Adversarial Robustness of Vision in Open Foundation Models
Jonathon Fox, William J Buchanan, Pavlos Papadopoulos

TL;DR
This paper evaluates the adversarial robustness of open foundation vision models, revealing that robustness varies independently of standard performance and highlighting vulnerabilities in current models under attack.
Contribution
It provides the first empirical assessment of adversarial robustness for LLaVA-1.5-13B and Llama 3.2 Vision models using PGD attacks on VQA tasks.
Findings
Llama 3.2 Vision shows smaller accuracy drops under attack than LLaVA.
Adversarial robustness does not directly correlate with standard benchmark accuracy.
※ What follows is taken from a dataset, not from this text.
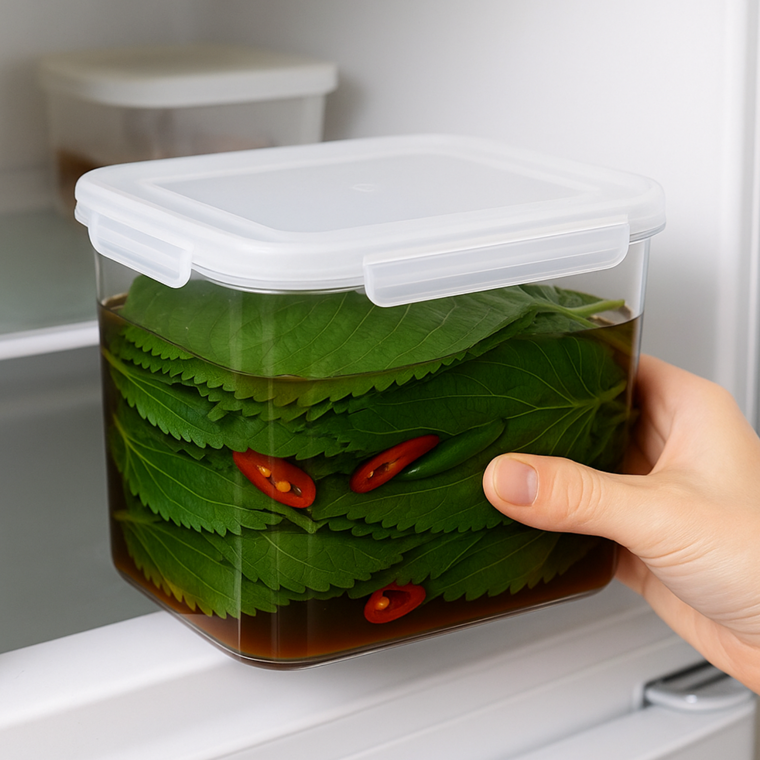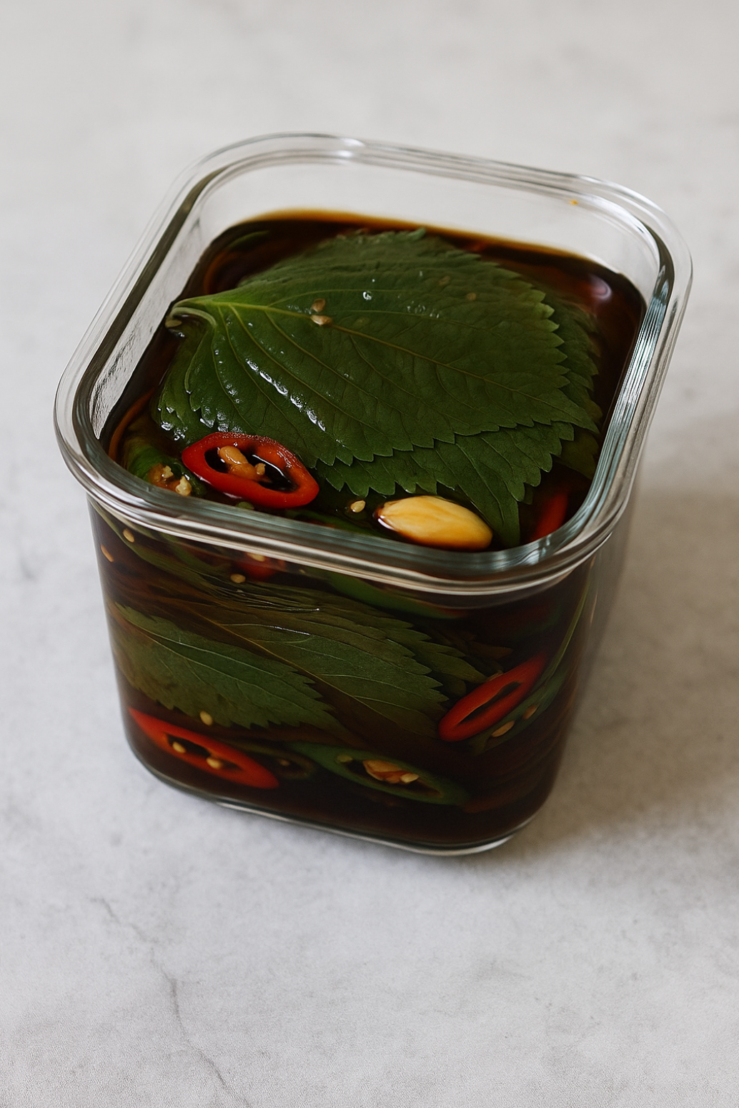 4. 담기: 깻잎을 통에 차곡차곡 넣고, 고추를 중간중간 끼워 넣은 후 식힌 간장물을 붓습니다.

Vision models remain vulnerable to adversarial perturbations affecting performance.
Abstract
With the increase in deep learning, it becomes increasingly difficult to understand the model in which AI systems can identify objects. Thus, an adversary could aim to modify an image by adding unseen elements, which will confuse the AI in its recognition of an entity. This paper thus investigates the adversarial robustness of LLaVA-1.5-13B and Meta's Llama 3.2 Vision-8B-2. These are tested for untargeted PGD (Projected Gradient Descent) against the visual input modality, and empirically evaluated on the Visual Question Answering (VQA) v2 dataset subset. The results of these adversarial attacks are then quantified using the standard VQA accuracy metric. This evaluation is then compared with the accuracy degradation (accuracy drop) of LLaVA and Llama 3.2 Vision. A key finding is that Llama 3.2 Vision, despite a lower baseline accuracy in this setup, exhibited a smaller drop in…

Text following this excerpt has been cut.